Тяжелый дивизион
Шрифт:
Но все эти мысли были легки, как вечерние тени, протекающие в сумерки по стальной глади пруда, скользкие, неуловимые. Что до них, когда закат алым шелком затянул полнеба, челнок идет по черным вершинам дерев, опрокинувшихся в зеркало реки, и рука девушки, опущенная в воду, рождает серебристую, как тело месяца, струю.
И не такие мысли сникли бы, побледнели и растаяли перед этим шумным набегом радости, от которой все предметы получили вдруг силу радовать и волновать.
Елене не стоило большого труда в этот вечер чувствовать себя самой замечательной девушкой, какую когда-либо видел Андрей.
И Елена
Елена обернулась, держась руками за вертящийся круг музыкального стула и посматривая на узкие носки туфель.
— Вам так необходимо ехать утром?
— Скорее ночью, чем утром…
— Как, — всполошилась мать, — вы сейчас же уезжаете?
— Но, может быть, один день…
Андрей был благодарен Елене.
— Все равно и года было бы мало…
Мать смотрела куда-то на один из старинных портретов.

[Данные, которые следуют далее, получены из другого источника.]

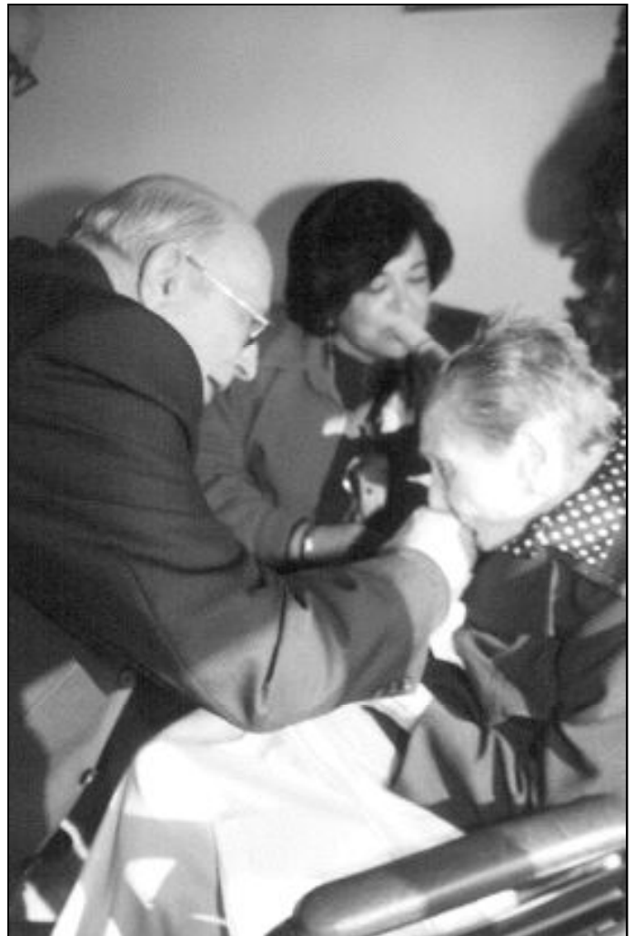
En las Visitas Pastorales, D. Antonio tiene la oportunidad de acercarse a todos
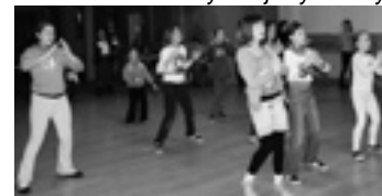
Uczymy się tańczyć

Она согласна была отсутствовать…
— Поезд идет в восемь. У вас хорошая лошадь?
— Лошади мужа доезжали в два с половиной часа, — с гордостью вспомнила мать.
Елена встала и прижалась щекой к ее сухому плечу.
— Мне скорей, чем в четыре часа, не добраться, и то если опять не потеряем колесо.
— Вы не хотите просить лошадей у Трегубенки?
— Тогда пришлось бы провести у них хотя бы час…
— Я не согласна! — вскрикнула Елена. — Вы знаете… Я такая эгоистка…
Мать развела руками.
— Сколько же вам останется на сон?
— Я буду спать в поезде. Мы посидим немного, а потом вы дадите мне книгу, и в четыре часа я тихо уйду.
— Мы будем полуночничать вместе, — сказала Елена. — Завтра я могу спать хоть до обеда.
— А я по старушечьей привычке пойду сосну. Вы уж меня простите.
Елена долго и нежно целовала мать.
— Приезжайте к нам еще, из Румынии. Будет же у вас отпуск…
Елена осталась у рояля. Спустив модератор, она играла что-то тихое, может быть что-то свое, и одна рука ее то и дело путешествовала от клавишей к Андрею, а потом так и замерла в его горячих ладонях. Потом они говорили… О знакомых, о Петрограде, о книгах; больше о книгах. Она, по-видимому, много читала… Но как странно!.. Она не помнила авторов любимых произведений, не знала лучших книг классических авторов. Об отдельных книгах она говорила охотно, обнаруживая вкус и вдумчивость, но Андрей с удивлением замечал, что литература для нее — это ряд ничем не связанных книг, забавных мирков, полураскрывшихся спектакликов, ничем, никак не связанных между собою. Кажется, ей было безразлично, как относятся актеры этих спектакликов к жизни. Книги были написаны и, следовательно, имели все права на существование и самобытность.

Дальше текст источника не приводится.